3) Durability of the various options.

Thanks everyone.


----------



## esoo (Dec 17, 2018)

I bought a couple of Termopops when they were on sale. Not quite as quick as the Thermopen apparently, but I find them plenty quick and they were much better than the cheapies I was using before.


----------



## Ryndunk (Dec 17, 2018)

Thermopop works great. A lot cheaper than thermopen . Adequately fast. And no other features to get in the way.


----------



## daveb (Dec 17, 2018)

Thermapen rules. I've used some of the knockoffs at cooking demos - harder to read, slower, don't feel robust. But the store I do demos for sells the knockoffs so....

For normal work and personal I use Thermapen. 

Right now the Mk-4 is on sale for about $70. Get the condom with it.


----------



## Nemo (Dec 17, 2018)

Wow. The mk4 is on sale in Oz for 160 AUD (down from 190). Importer making a big profit?


----------



## HRC_64 (Dec 17, 2018)

+1 Get a thermapen on sale -- they go on sale around USD$60-65 for the older model as well (which I've used and am happy with). The competing Javelin Pro is $50 for reference, the $10 seems worth it for the real thing. 
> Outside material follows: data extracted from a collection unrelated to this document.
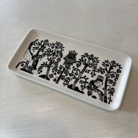 Taika-lautanen sopii loistavasti ruokalautaseksi tai tarjoiluvadiksi. Pöllöaiheisen kuvioinnin runsaat yksityiskohdat korostuvat tyylikkään mustavalkoisessa lautasessa ja koristavat myös lautasen reunaa. Yhdistele rohkeasti eri värisiä astioita eloisaksi kokonaisuudeksi, pelkistetymmän ilmeen luomiseksi Taikaa voi yhdistellä minimalistisen Teema-sarjan kanssa.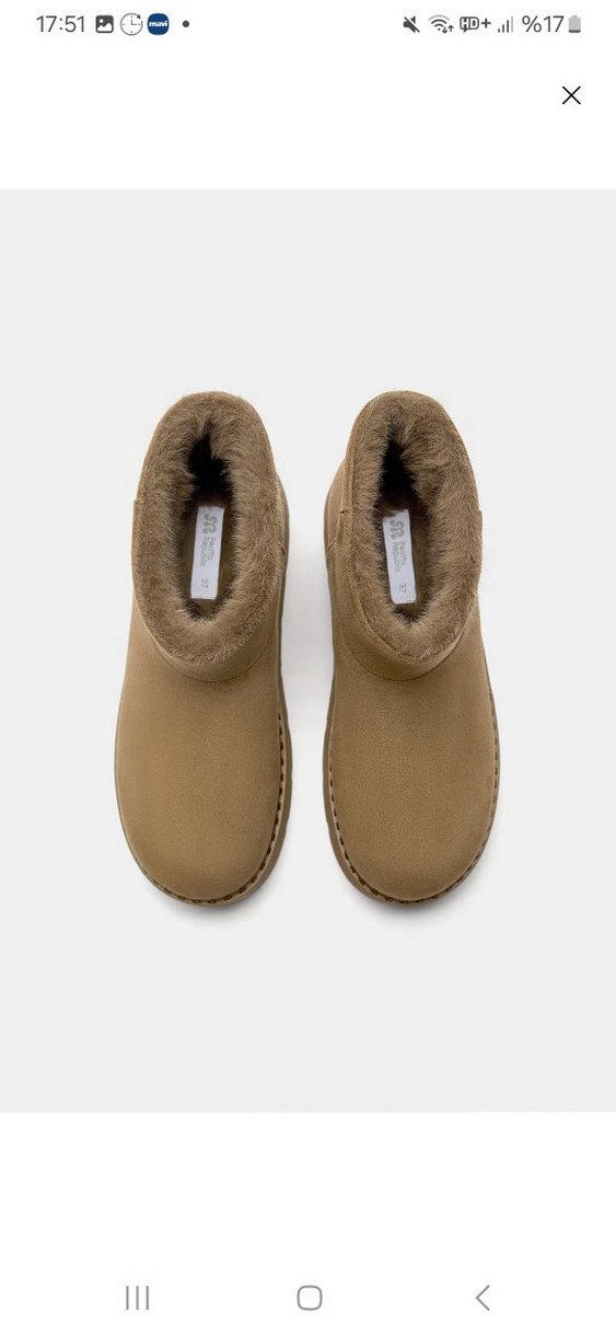 Bej süet kadın botları, dolgu topuklu ve iç kısmı kürklüdür. Rahat ve sade tasarımıyla günlük kullanıma uygundur. Yapıştırma izi gibi bir şey mevcut, görsellendi.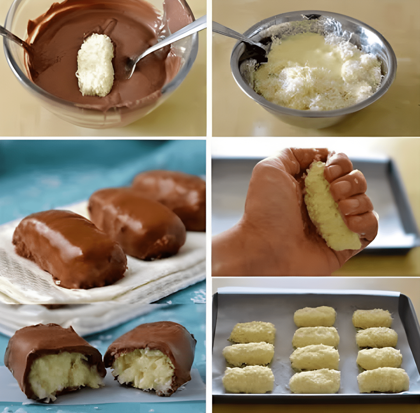 🥄 Vorm de kokosmix in kleine rechthoekige repen en leg ze op een met bakpapier beklede bakplaat.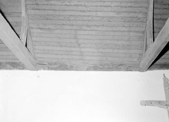 Ecusson central de la sablière, mur nord de la nefImmatriculation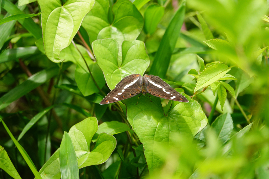 やっとチョウを見つけた。外来種のアカボシゴマダラ♀だ。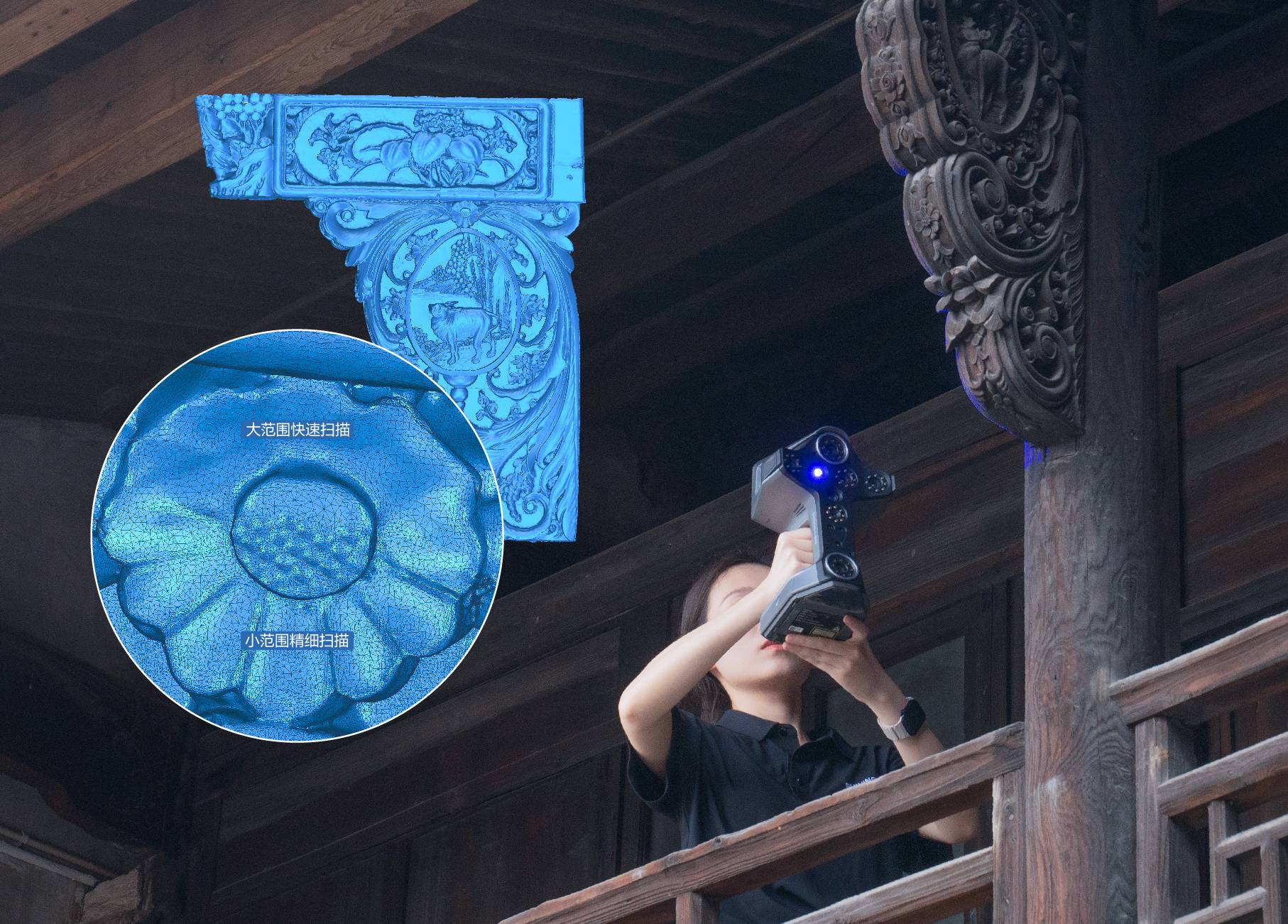 EinScan Libre创新采用三种光源,打造三大扫描模式:101束蓝色激光精细扫描细节、38束红外激光驾驭全景扫描、红外散斑大幅面不贴点快速扫描,同时支持多分辨率/多模式的融合拼接,兼具大场景高效扫描以及细节精细还原。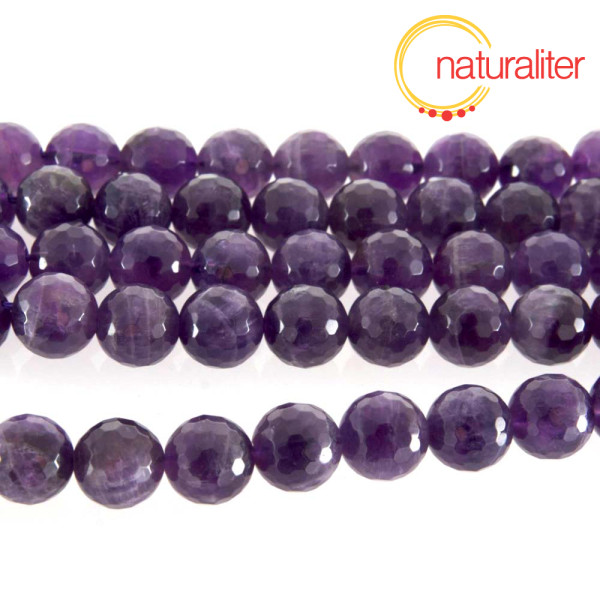 Korálky z ametystu s vybroušenými lesklými ploškami - fasetami, které odrážejí světlo.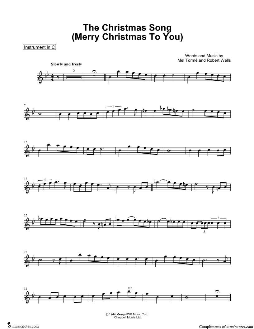 1. The Christmas Song (Chestnuts Roasting on an Open Fire) - C Instrument (click here to preview and play this piece) Performer: Composers: Lyricists: Scored For:Instrumental Solo and Instrumental Part Instruments:C Instrument, range: A4-Bb5, Flute, Oboe, Violin and Recorder Number of pages:1 Click here to purchase this piece separately for $4.99 |

edit: US they are sold from the OEM and shipping is extra (around $4 domestically), not sure for international what the best alternative is.


----------



## bahamaroot (Dec 17, 2018)

Thermapen Classic $59...but not for long
https://www.thermoworks.com/Classic...740600160225622215731129215340229228131830906


----------



## Bill13 (Dec 17, 2018)

Thermapen Classic is "the one". Worth every penny.


----------



## panda (Dec 17, 2018)

i use this 
https://www.thermoworks.com/proneedle


----------



## Paraffin (Dec 18, 2018)

Thermapen Classic here, it just works. I've used it for years. I'm a home cook, but if I ran a pro kitchen I still wouldn't be looking for a cheaper option. A Thermapen just isn't that expensive.


----------



## Nemo (Dec 18, 2018)

bahamaroot said:


> Thermapen Classic $59...but not for long
> https://www.thermoworks.com/Classic...740600160225622215731129215340229228131830906


Thanks, but I'm thinking that postage from Utah to regional Oz is gonna sting.


----------



## GorillaGrunt (Dec 18, 2018)

+1 thermapen, there’s thermometers all over the place and everyone always wants to use mine... expensive but worth it.


----------



## Nemo (Dec 18, 2018)

Sounds like thermapen is pretty popular


----------



## F-Flash (Dec 18, 2018)

Its one of those things, when you use it in pro kitchen. You won't live without it, ever again. 
When My first one broke, I ordered two more and The one that broke, was warranty replaced by new one, so now we got 3.


----------



## Nemo (Dec 18, 2018)

F-Flash said:


> Its one of those things, when you use it in pro kitchen. You won't live without it, ever again.
> When My first one broke, I ordered two more and The one that broke, was warranty replaced by new one, so now we got 3.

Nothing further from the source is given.